Records shown:
>>>
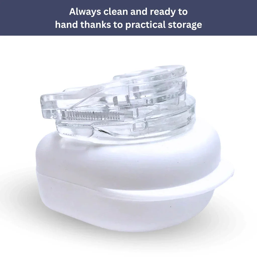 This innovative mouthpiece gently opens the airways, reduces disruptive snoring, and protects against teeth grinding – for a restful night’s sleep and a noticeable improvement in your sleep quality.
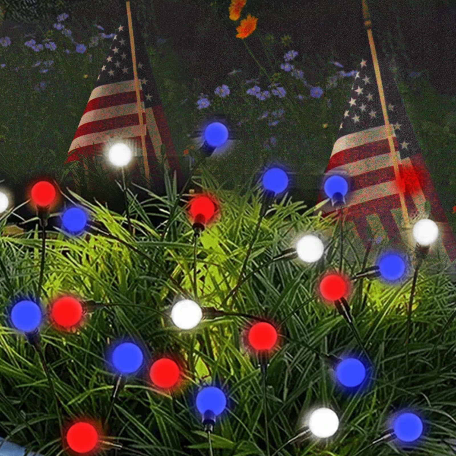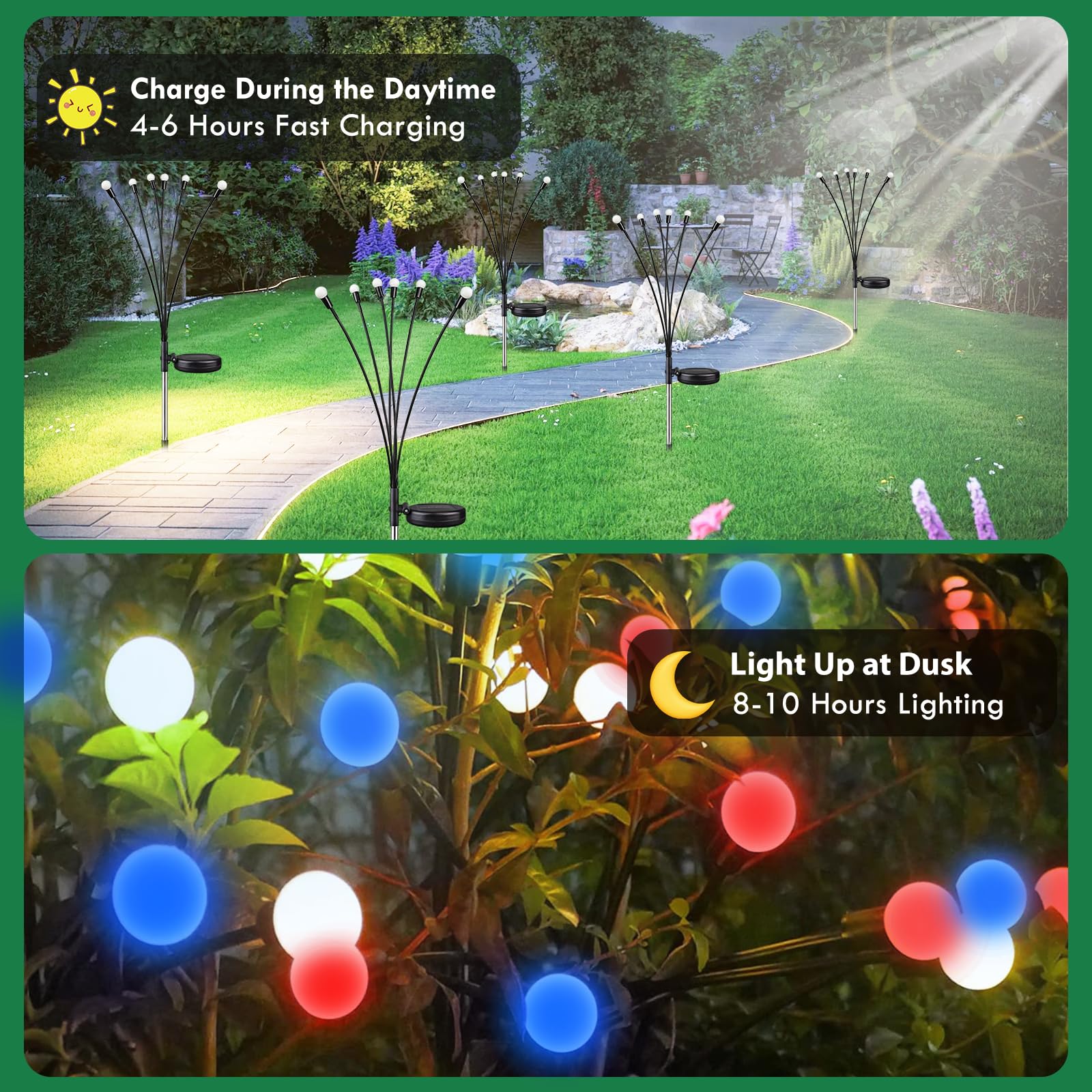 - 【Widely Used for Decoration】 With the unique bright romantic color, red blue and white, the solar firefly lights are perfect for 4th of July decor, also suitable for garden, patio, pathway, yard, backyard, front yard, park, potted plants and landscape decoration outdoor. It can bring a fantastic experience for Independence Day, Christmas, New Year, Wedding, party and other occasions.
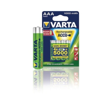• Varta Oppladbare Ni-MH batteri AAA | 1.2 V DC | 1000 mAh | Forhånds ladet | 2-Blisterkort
<<<
>>>
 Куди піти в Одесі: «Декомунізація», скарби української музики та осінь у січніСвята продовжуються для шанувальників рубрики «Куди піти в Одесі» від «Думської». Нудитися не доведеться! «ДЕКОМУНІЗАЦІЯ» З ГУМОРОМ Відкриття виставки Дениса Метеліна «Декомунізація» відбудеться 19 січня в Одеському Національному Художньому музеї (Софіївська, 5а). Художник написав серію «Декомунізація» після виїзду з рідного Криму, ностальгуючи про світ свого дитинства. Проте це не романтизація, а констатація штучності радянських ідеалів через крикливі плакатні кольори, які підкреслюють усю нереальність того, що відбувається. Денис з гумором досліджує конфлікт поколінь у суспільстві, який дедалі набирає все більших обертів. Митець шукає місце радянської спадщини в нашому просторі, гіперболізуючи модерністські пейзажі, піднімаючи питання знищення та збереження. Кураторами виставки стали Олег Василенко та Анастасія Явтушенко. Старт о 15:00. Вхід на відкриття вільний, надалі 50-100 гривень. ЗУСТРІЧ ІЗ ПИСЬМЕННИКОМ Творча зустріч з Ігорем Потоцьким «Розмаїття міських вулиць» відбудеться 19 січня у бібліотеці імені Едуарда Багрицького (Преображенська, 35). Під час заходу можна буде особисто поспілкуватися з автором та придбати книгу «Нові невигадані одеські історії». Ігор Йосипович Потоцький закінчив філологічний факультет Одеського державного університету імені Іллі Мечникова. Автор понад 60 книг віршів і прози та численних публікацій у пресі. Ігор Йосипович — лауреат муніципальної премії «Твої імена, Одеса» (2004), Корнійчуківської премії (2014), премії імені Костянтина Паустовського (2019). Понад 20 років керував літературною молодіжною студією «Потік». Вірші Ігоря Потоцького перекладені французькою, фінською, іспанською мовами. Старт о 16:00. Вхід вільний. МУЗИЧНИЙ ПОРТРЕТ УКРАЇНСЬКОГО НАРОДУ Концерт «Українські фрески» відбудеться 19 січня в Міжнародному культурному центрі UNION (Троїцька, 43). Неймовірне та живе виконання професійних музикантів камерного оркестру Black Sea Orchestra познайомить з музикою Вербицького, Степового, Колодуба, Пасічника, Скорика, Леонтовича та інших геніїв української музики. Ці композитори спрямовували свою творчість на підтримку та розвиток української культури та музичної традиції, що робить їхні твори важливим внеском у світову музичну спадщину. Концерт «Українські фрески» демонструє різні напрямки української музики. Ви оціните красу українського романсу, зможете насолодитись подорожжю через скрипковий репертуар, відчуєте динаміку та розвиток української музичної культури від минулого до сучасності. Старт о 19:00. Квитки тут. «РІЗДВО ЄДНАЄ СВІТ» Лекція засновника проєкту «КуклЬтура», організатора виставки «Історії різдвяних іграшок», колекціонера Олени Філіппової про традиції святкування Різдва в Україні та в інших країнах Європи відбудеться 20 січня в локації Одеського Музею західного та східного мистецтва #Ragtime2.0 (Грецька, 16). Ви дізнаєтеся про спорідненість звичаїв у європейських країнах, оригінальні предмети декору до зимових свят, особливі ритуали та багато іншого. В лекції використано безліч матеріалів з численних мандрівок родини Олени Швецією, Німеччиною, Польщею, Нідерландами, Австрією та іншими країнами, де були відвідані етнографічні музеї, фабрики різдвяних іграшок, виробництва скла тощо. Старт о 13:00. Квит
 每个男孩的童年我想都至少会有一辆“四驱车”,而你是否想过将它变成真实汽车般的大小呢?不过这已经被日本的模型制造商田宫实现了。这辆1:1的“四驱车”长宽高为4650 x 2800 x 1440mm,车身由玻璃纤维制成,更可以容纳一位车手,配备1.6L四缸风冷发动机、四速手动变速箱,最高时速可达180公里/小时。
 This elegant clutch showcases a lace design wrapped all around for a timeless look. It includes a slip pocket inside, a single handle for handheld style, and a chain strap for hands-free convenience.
<<<
Exercise brief: Nothing but the lines above from the line with "This innovative mouthpiece" up to and including the line with "ladet | 2-Blisterkort" should be returned, exactly as written and without pictures.

Response:
 This innovative mouthpiece gently opens the airways, reduces disruptive snoring, and protects against teeth grinding – for a restful night’s sleep and a noticeable improvement in your sleep quality.
 - 【Widely Used for Decoration】 With the unique bright romantic color, red blue and white, the solar firefly lights are perfect for 4th of July decor, also suitable for garden, patio, pathway, yard, backyard, front yard, park, potted plants and landscape decoration outdoor. It can bring a fantastic experience for Independence Day, Christmas, New Year, Wedding, party and other occasions.
• Varta Oppladbare Ni-MH batteri AAA | 1.2 V DC | 1000 mAh | Forhånds ladet | 2-Blisterkort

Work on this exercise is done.